Goreis Andreas, Fanninger Selina, Lozar Annika, Mayer Anna, Pfatrisch Nina, Voracek Martin, Plener Paul L, Kothgassner Oswald D
Department of Child and Adolescent Psychiatry, Medical University of Vienna, Vienna, Austria.
Comprehensive Center for Pediatrics (CCP), Medical University of Vienna, Vienna, Austria.
Front Physiol. 2025 Jul 16;16:1628111. doi: 10.3389/fphys.2025.1628111. eCollection 2025.
The Cold Pressor Test (CPT) is an established method for evaluating pain perception and stress responses; evidence indicates that females perceive the CPT as more painful than males. However, methodological variations-particularly in water temperature-complicate cross-study comparisons and hinder robust study designs. To address these issues, we examined the effects of three water temperatures (1°C, 3°C, and 6°C) on pain outcomes and physiological stress markers (heart rate [HR] and heart rate variability [HRV]) in healthy adults while exploring sex differences. In a randomized, single-blind, within-subjects trial with 148 participants (68% female), the CPT was administered using a temperature-controlled cooling device with continuous circulation. Participants immersed their dominant hand for up to 3 min, when the trial was terminated.
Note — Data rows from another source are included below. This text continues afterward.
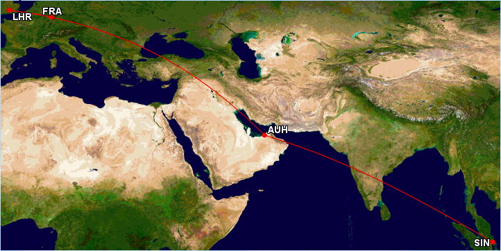 Ich habe den Flug von Singapur über Abu Dhabi und London nach Frankfurt mit American Airlines Meilen gebucht, da hier nur 90.000 Meilen und etwa 80 Euro an Steuern und Gebühren angefallen sind. Übrigens ist hier der Löwenanteil von 56 Euro an Gebühren für den Flug von London Heathrow nach Frankfurt mit British Airways entfallen.
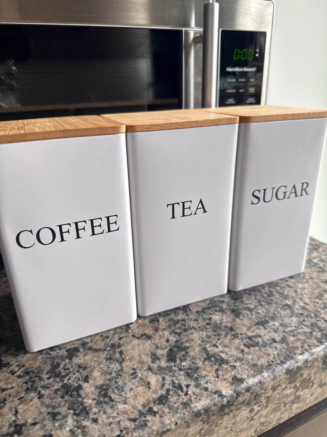 This set includes three white kitchen canisters labelled 'COFFEE', 'TEA', and 'SUGAR'. Each canister features a natural bamboo lid. They're great for keeping your dry goods organized and accessible on the countertop. The canisters are made of a durable metal. They're a stylish way to store staples!
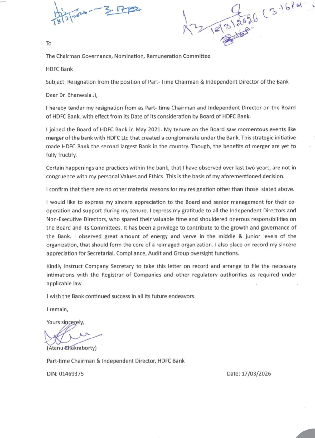 Why HDFC Bank Chairman Atanu Chakraborty Resigned? Reason Revealed
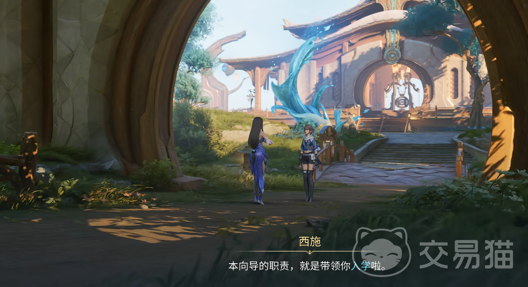 游戏开场后,玩家将在学院主校区入口处首次遇见西施。她身着青白相间的长裙,手持流光玉简,以温和而坚定的语气开启主线序章。通过初始对话,玩家将被邀请跟随她前往学院正门——这一过程不仅完成场景过渡,更自然引出世界观铺垫。
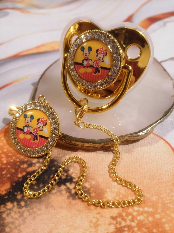 Adorable tétine décorée de strass avec attache motif Disney Mickey & Minnie, parfaite pour apporter une touche brillante et mignonne à la tenue de bébé.
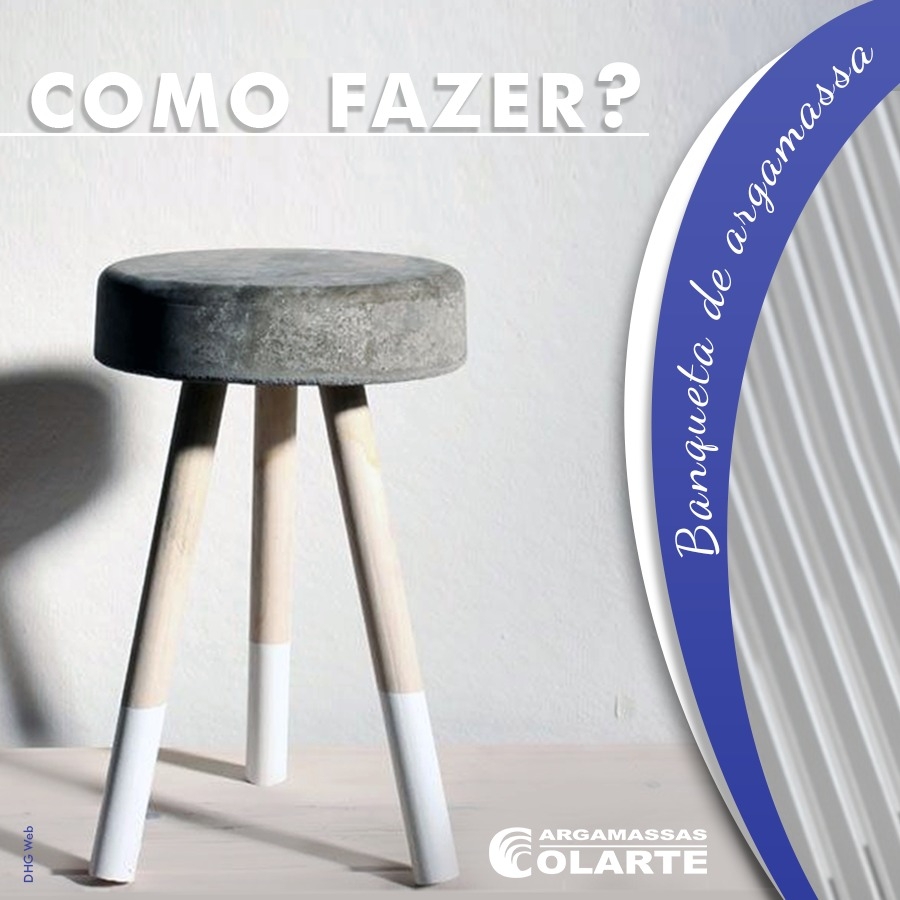Pegue a quantidade necessária de argamassa para o tamanho de sua banqueta, coloque no balde despejando água aos poucos, mexa bem até ficar no ponto de pasta. Pegue a bacia, e unte com bastante vaselina. Coloque a argamassa até a altura desejada. Segure a bacia e de algumas batidinhas contra o chão para tirar o ar. Pegue os cabos de madeira, e coloque os pés, aperte igualmente para que fique nivelado. Espere secar. Remova o banco com cuidado.
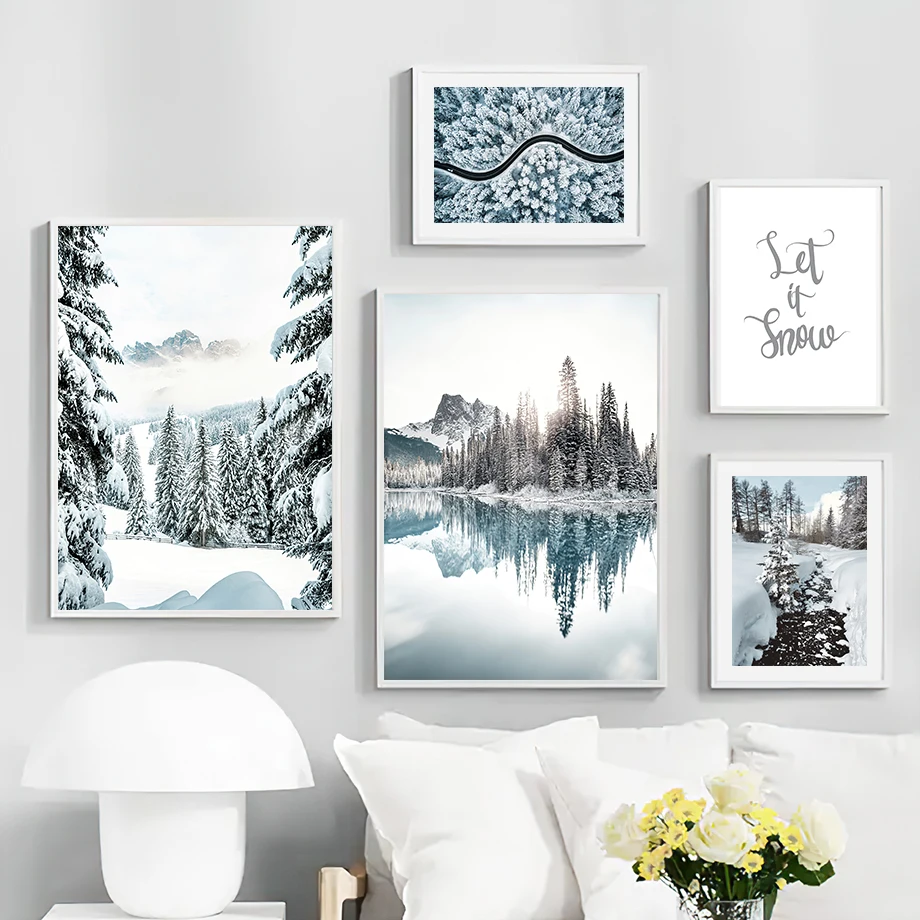 Настенная картина на холсте Белая Гора Снежный Лес Тигр Волк Олень озеро скандинавские постеры и принты настенные картины для гостиной
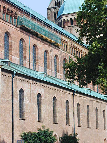 ist dreifach gegliedert:Die Seitenschiffwand enthält große rundbogig geschlossene
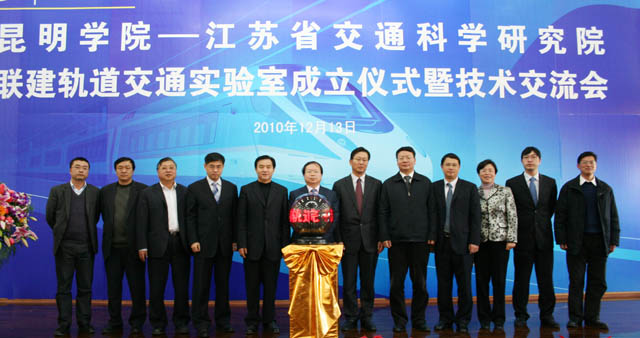 | 在昆明市委、市政府的重视支持下,昆明学院•江苏省交通科学研究院联建轨道交通实验室于12月13日在我院揭牌成立。这是云南省首个轨道交通实验室,实验室成立将为高质量、高水平建设昆明轨道交通提供保障。
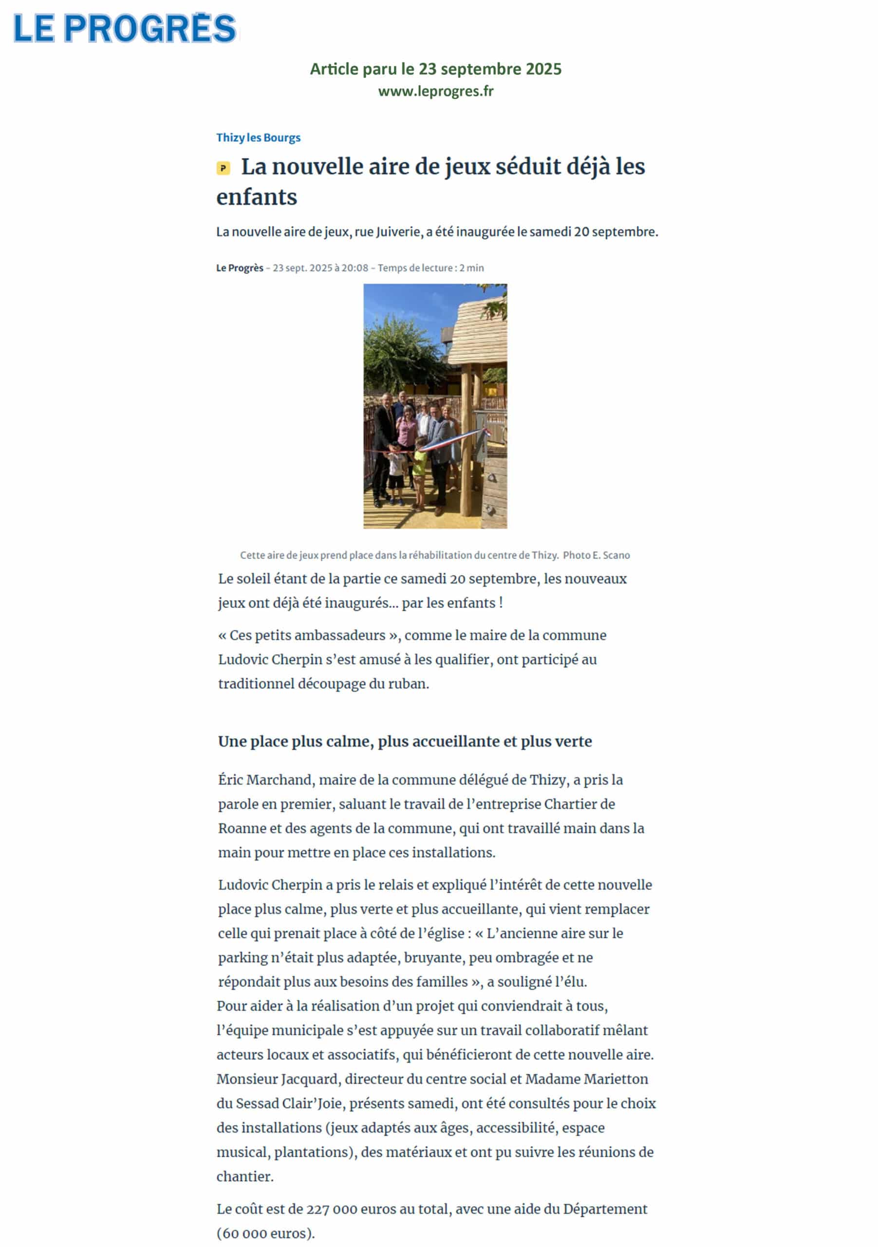 Inauguration de la nouvelle aire de jeux à Thizy-les-Bourgs qui s’est réalisée en concertation avec le centre-social et le SESSAD.
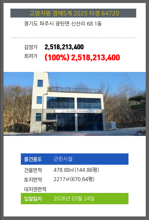| 용도 | 근린시설 | 채권자 | 리** | 감정가 | 2,518,213,400 |
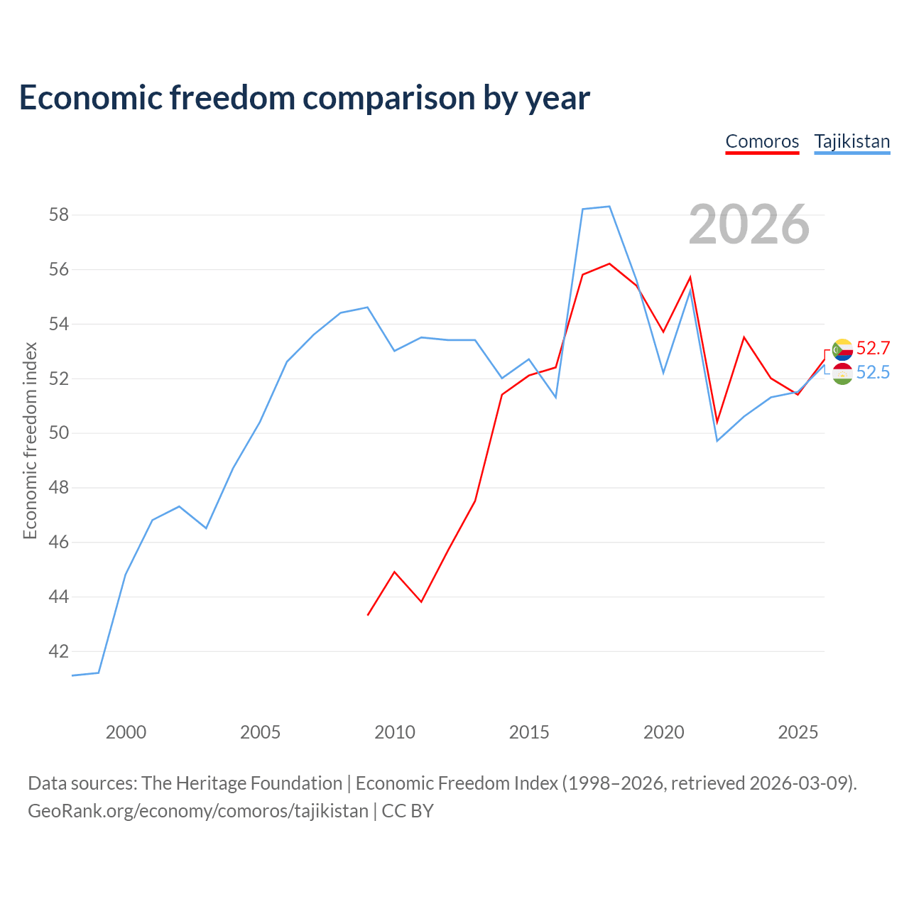 The Economic Freedom Index for Comoros is 52.7, ranking 145/197, compared to 52.5 for Tajikistan, ranking 147/197. The chart above displays a comparison of annual changes in economic freedom indexes.

Pain threshold, tolerance, and intensity were recorded alongside HR and HRV. Results revealed significant variations in pain threshold, tolerance, and intensity across temperatures, with lower temperatures eliciting increased pain perception (medium effect sizes). Males demonstrated higher pain tolerance in 1°C and 3°C conditions, with 50% reaching the 3-min cutoff, compared to 39% at 6°C, 23% at 3°C, and 19% at 1°C for females. No significant sex differences were observed for pain intensity, and HR and HRV did not vary across temperatures or between sexes. However, pain was associated with HR and HRV only in males. Our findings underscore the need for meticulous CPT protocol design. Controlling water temperature and implementing appropriate stopping rules-potentially extending beyond 3 min-are critical for improving comparability, replicability, and understanding of pain mechanisms in healthy populations overall.
冷加压试验(CPT)是一种评估疼痛感知和应激反应的既定方法;有证据表明,女性比男性更能感觉到CPT带来的疼痛。然而,方法上的差异——尤其是水温方面的差异——使跨研究比较变得复杂,并阻碍了稳健的研究设计。为了解决这些问题,我们研究了三种水温(1°C、3°C和6°C)对健康成年人疼痛结果和生理应激指标(心率[HR]和心率变异性[HRV])的影响,同时探讨性别差异。在一项有148名参与者(68%为女性)的随机、单盲、受试者内试验中,使用具有连续循环功能的温度控制冷却装置进行CPT。参与者将其优势手浸入水中长达3分钟,试验即终止。记录疼痛阈值、耐受性和强度以及HR和HRV。结果显示,不同温度下的疼痛阈值、耐受性和强度存在显著差异,较低温度会引起疼痛感知增加(中等效应量)。在1°C和3°C条件下,男性表现出更高的疼痛耐受性,50%的男性达到3分钟的截止时间,而女性在6°C时为39%,在3°C时为23%,在1°C时为19%。在疼痛强度方面未观察到显著的性别差异,并且HR和HRV在不同温度或不同性别之间没有变化。然而,疼痛仅与男性的HR和HRV相关。我们的研究结果强调了精心设计CPT方案的必要性。控制水温并实施适当的停止规则——可能超过3分钟——对于提高可比性、可重复性以及全面理解健康人群的疼痛机制至关重要。